Just three books this week:
The Foretelling
Alice Hoffman

The jacket blurb:
Rain is a girl with a certain destiny, living in an ancient time of blood, raised on mares' milk, nurtured with the strength of a thousand Amazon sisters. A girl of power, stronger than fifty men, she rides her white horse as fierce as a demon.

But then there is the foretelling.
The black horse.

In truth, Rain tastes a different future in her dreams. She is touched by the stirrings of emotions unknown. She begins to see beyond a life of war...and wonders...about mercy and men, hope and love.
To be honest, I bought the book based on the cover. I've never read any of Alice Hoffman's books before, and this was on the $4.99 table.

The same thing is true for the second book:
Wolfskin
Juliet Marillier

The jacket blurb:
All young Eyvind ever wanted was to become a great Viking warrior--a Wolfskin--and carry honor out in the name of his fathergod Thor. He can think of no future more glorious. The chance to make it happen is his when his chieftain Ulf is brought the tale of a magical land across the sea, a place where men with courage could go to conquer a land and bring glory to themselves. They set out to find this fabled land, and discover a windswept and barren place, but one filled with unexpected beauty and hidden treasures... and a people who are willing to share their bounty.

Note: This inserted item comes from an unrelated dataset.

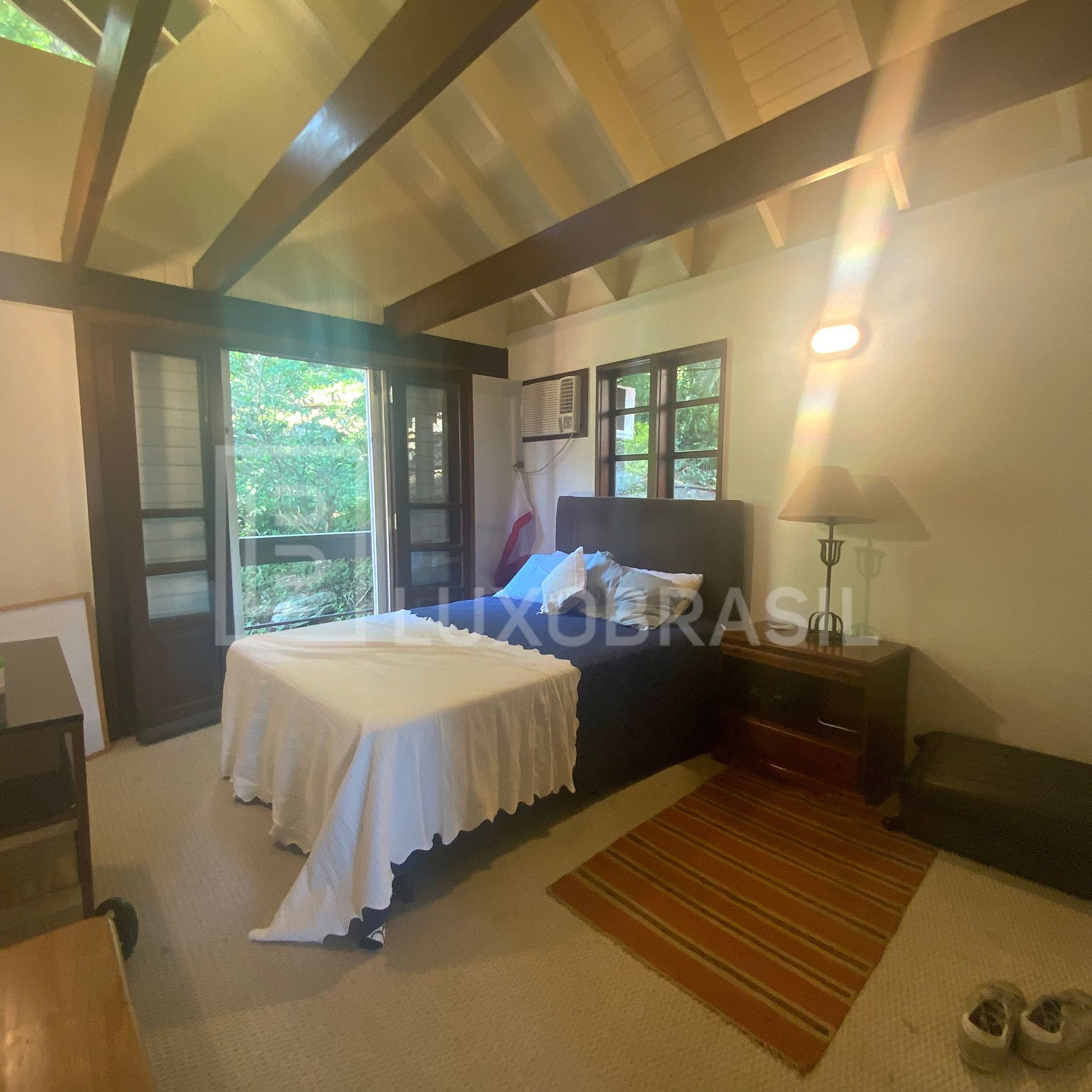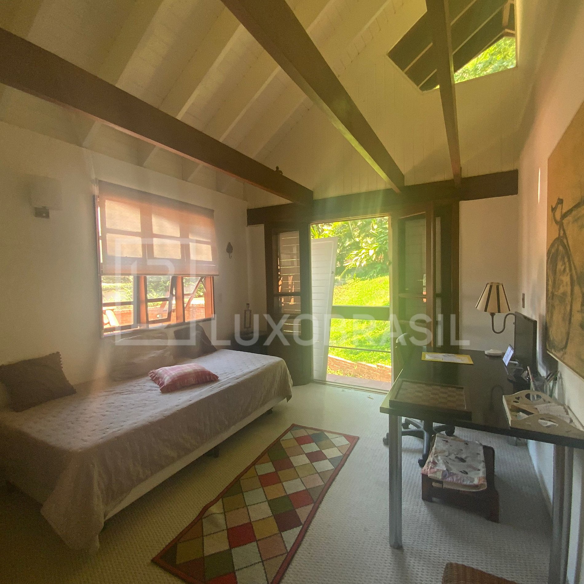 Construída sobre o verde, a casa exibe uma arquitetura única com vigas maciças de Ipê champagne e conhaque, que sustentam os telhados e realçam o aconchego da madeira em cada detalhe.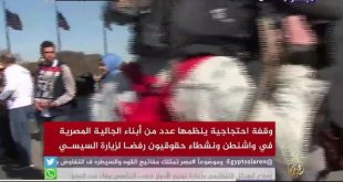 تظاهر المئات من المصريين المقيمين في الولايات المتحدة الأمريكية، احتجاجا على زيارة قائد الانقلاب العسكري، اليوم الاثنين، ونظم العشرات من أبناء الجالية المصرية في واشنطن ونشطاء حقوقيون وقفة احتجاجية أمام نصب واشنطن بالتزامن مع استقبال عبد الفتاح السيسي بأمريكا. وتنكر رجل في زي السيسي، مرتديا بدلة عسكرية وقناعا يشبه السيسي، …

Ulf's new settlement begins in harmony with the natives of the isles led by the gentle king Engus. And Eyvind finds a treasure of his own in the young Nessa, niece of the King, seer and princess. His life will change forever as she claims his heart for her own.

But someone has come along to this new land who is not what he seems. Somerled, a strange and lonely boy that Eyvind befriended long ago has a secret--and his own plans for the future. The blood oath that they swore in childhood binds them in lifelong loyalty, and Somerled is calling in the debt of honor. What he asks of Eyvind might just doom him to kill the only thing that Evyind has ever truly loved.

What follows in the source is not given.